作曲:Anton Rubinstein(ルビンステイン1829~1894)

内容:ロシアのプーシキンと並ぶ詩人レールモントフ(1814~1841)の叙事詩「Demon」を原作に、オペラ用に改訂したものに、ロシア人ピアニスト・作曲家ルビンシテイン(有名なポーランドのピアニストアルトゥール・ルビンステインとの血縁関係は無い)が、作曲したオペラ。チャイコフスキーは、彼の弟子で2人は親友であった。作風はドイツロマン主義風で、当時、民族主義的作曲家グループ5人組と対立していたこともあり、現代ではあまり演奏されないが、このオペラは叙事詩の良さもあって傑作。 3幕 英語 2時間30分

あらすじ

ここでのデーモン=悪魔とは、一般的に言う悪のシンボルとしての悪魔とは違い、元は天使の1人であったが、天を追放されて孤独にさまよう堕天使で、天使からは「疑いの天使」と呼ばれる。

第1幕:第1場、プロローグ

場所はグルジア、美しいコーカサスの山中。悪霊の声が、デーモン(バリトン)に、神の創造した美を破壊するように呼びかける。デーモンは、彼自身のこの世界への憎しみを歌い、天使(メゾソプラノ)が、天との和解を呼びかけるが、それをを拒絶する。

第2場
領主グダールの娘タマラ(ソプラノ)が、婚約者シノダル王子(テノール)との結婚を待ちわびている。その姿を一目見たデーモンは、一瞬にして激しい恋に落ちる。デーモンは 彼女に自分の愛を受け入れてくれるなら、全世界の良いものをすべてを彼女に与えようと懇願する。タマラは魅了されるものの、恐れからデーモンを拒絶する。

第3場
シノダル王子の一行は、婚礼のためにグダールの城に向かっていたが、道中の地滑りのために遅れていた。

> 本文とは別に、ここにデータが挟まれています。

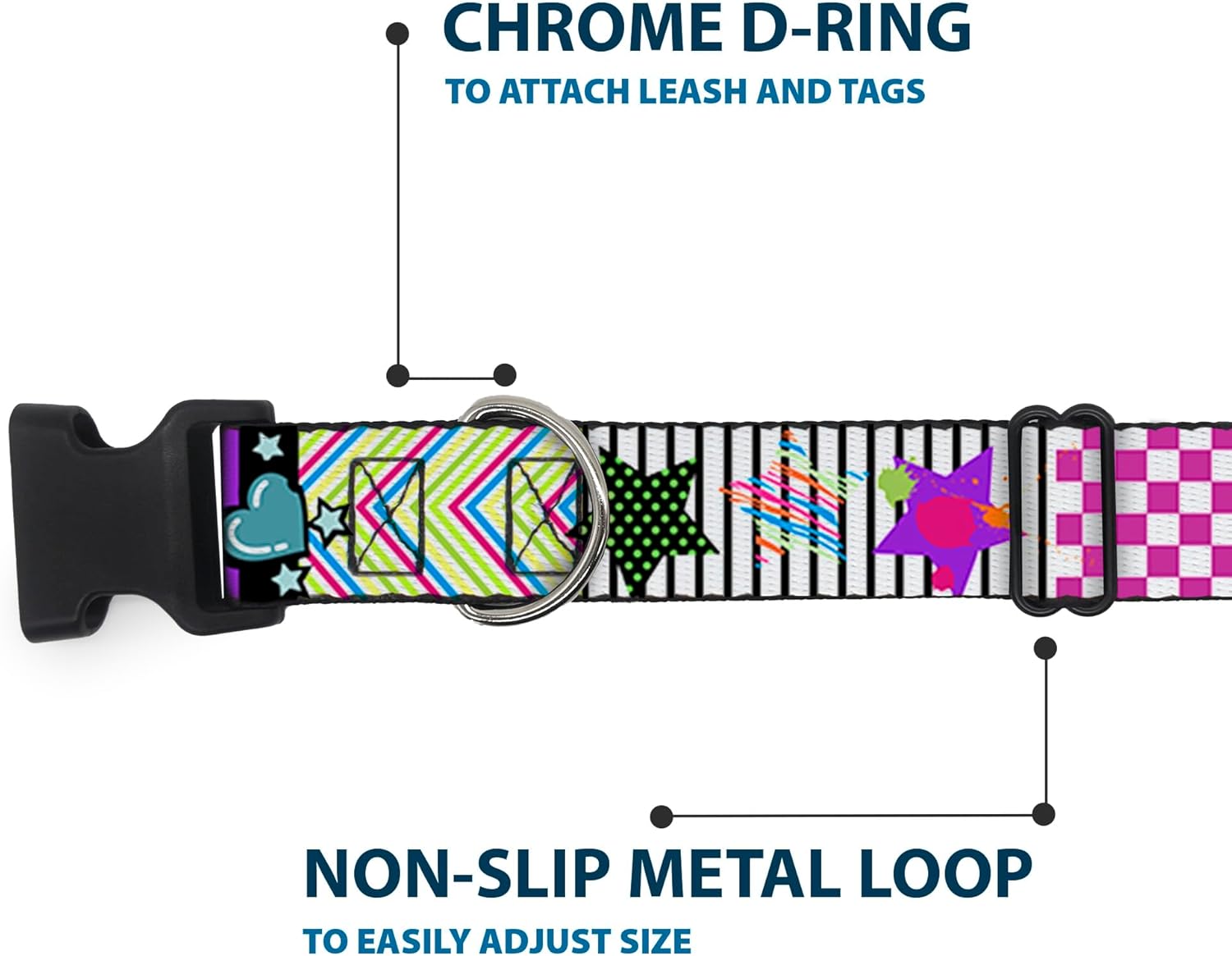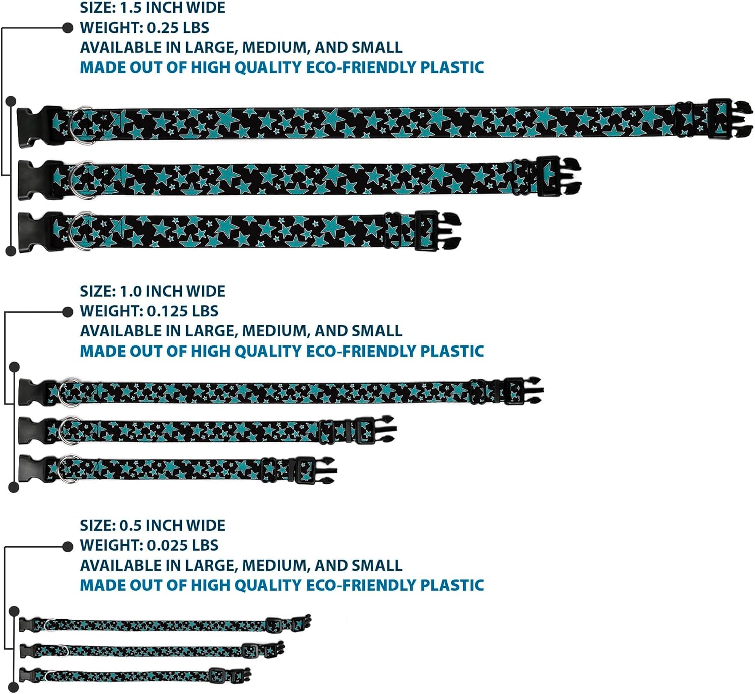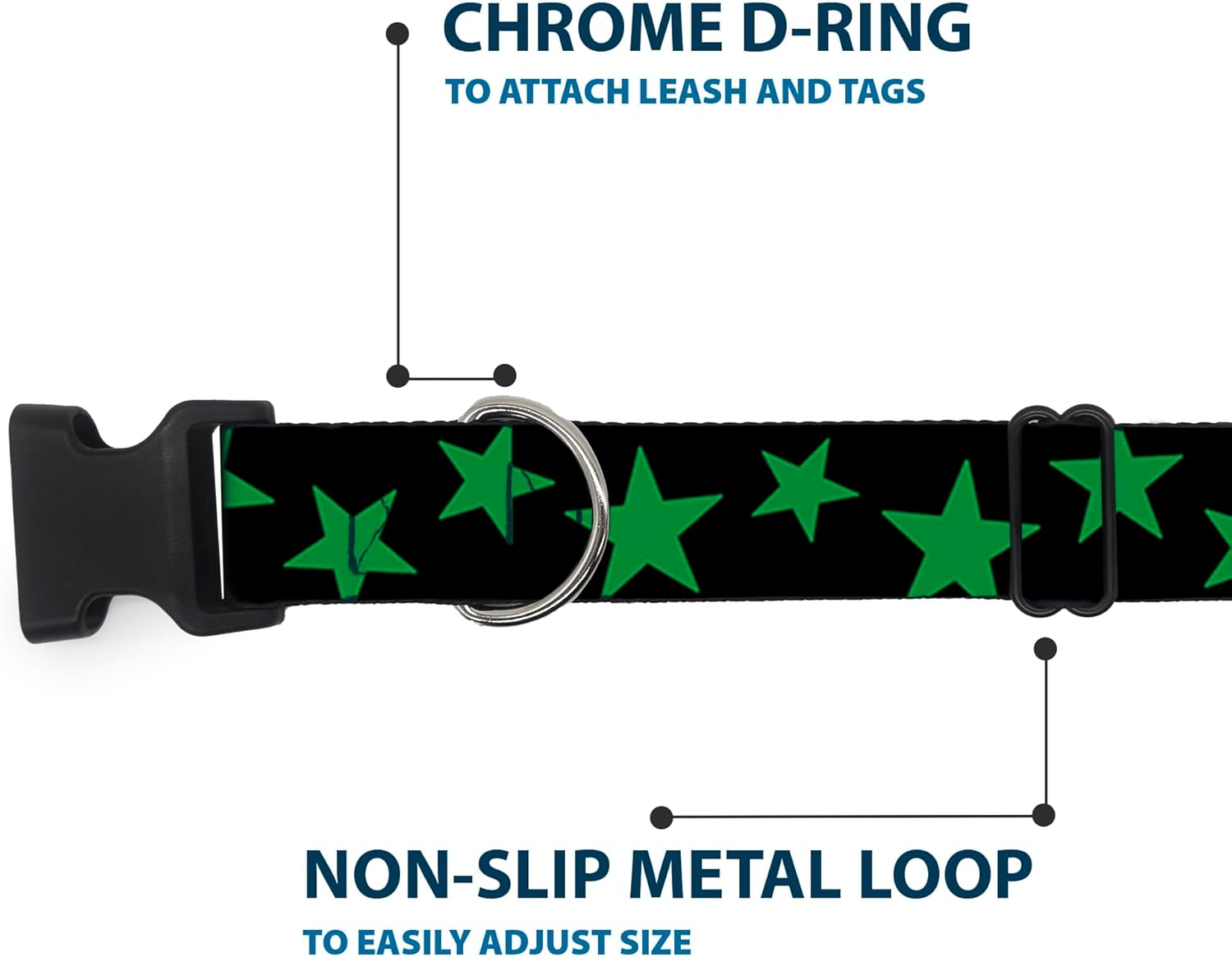 Buckle-Down PC-W21909-M Dog Collar Plastic Clip Buckle, 1"x11"-17", Star Black/White
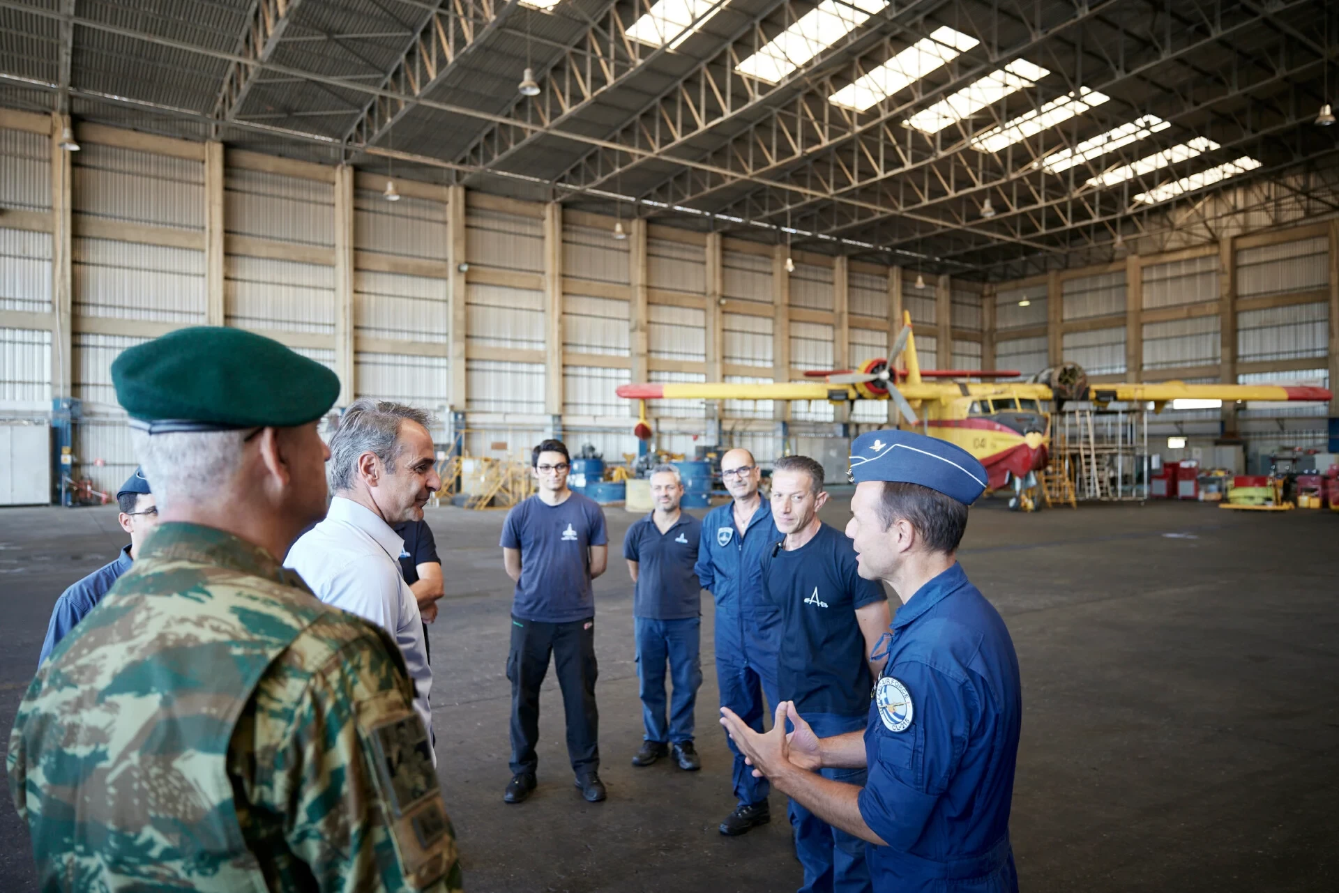 Ο Κυριάκος Μητσοτάκης, ενημερώθηκε για τις αποστολές των πυροσβεστικών αεροσκαφών Canadair CL-215 και CL-415 που συμβάλλουν στο απαιτητικό έργο κατάσβεσης των πυρκαγιών, ενώ επισκέφθηκε και τη Μοίρα Συντήρησης Αεροσκαφών, όπου συνομίλησε με τους τεχνικούς που συντηρούν τα αεροσκάφη καθ’ όλη τη διάρκεια του 24ωρου για να ανταποκρίνονται με αποτελεσματικότητα στις αποστολές τους.

そこへデーモンが現れ、シノダル王子に「お前は2度とタマラには会えないと」告げる。一行はデーモンの悪知恵によりグルジア人の襲撃を受け、王子は致命傷を負い、死を察した王子は、召使(バス)に自分が死んだら遺体をタマラの元に届けてほしいと頼む。

第2幕:第4場
婚礼の宴はすでに始まっていたが、伝令(バリトン)が、シノダル王子の一行の到着が遅れていることを告げにくる。 タマラはデーモンの気配を感じ、恐れを抱く。そこへ花婿シノダル王子が遺体になって城に届き、嘆き悲しむタマラ。そして彼女にはデーモンの声で、その魅惑的な約束が聞こえ続け、苦悩する。タマラは、自分を修道院に入れてくれるよう、父親に願い出る。

第3幕:第5場
タマラへの愛が自分を救ってくれると信じているデーモンは、タマラを修道院にまで追って行く。天使がデーモンを押し留めようとするが、デーモンは修道院に入って行く。

第6場
タマラは修道院の自室で祈りを捧げているが、デーモンのことが思い浮かぶ。それは今では夢に出てくるほど彼女を悩ませていた。するとそのデーモンが、実際にタマラの前に現れる。デーモンは彼女への愛を誓い、もう1度自分を受け入れてくれるよう懇願する。タマラは憐みからついに屈し、彼の口づけを受け入れる。そこへ、突然天使が現れて、シノダル王子の霊を見せる。デーモンの«疑いの毒»がまわったタマラは、デーモンの腕の中で苦しみ、ついに死んでしまう。

エピローグ

天使がタマラの魂を抱いて天に昇ろうとすると、再びデーモンが現れ、タマラの魂の所有を主張するが、天使はタマラの魂を守り抜いて天に向かう。天使は「タマラはこれで救われたのだ。そしてデーモンは永遠に孤独な運命なのだ」と告げ、デーモンは再び孤独に取り残されて幕となる。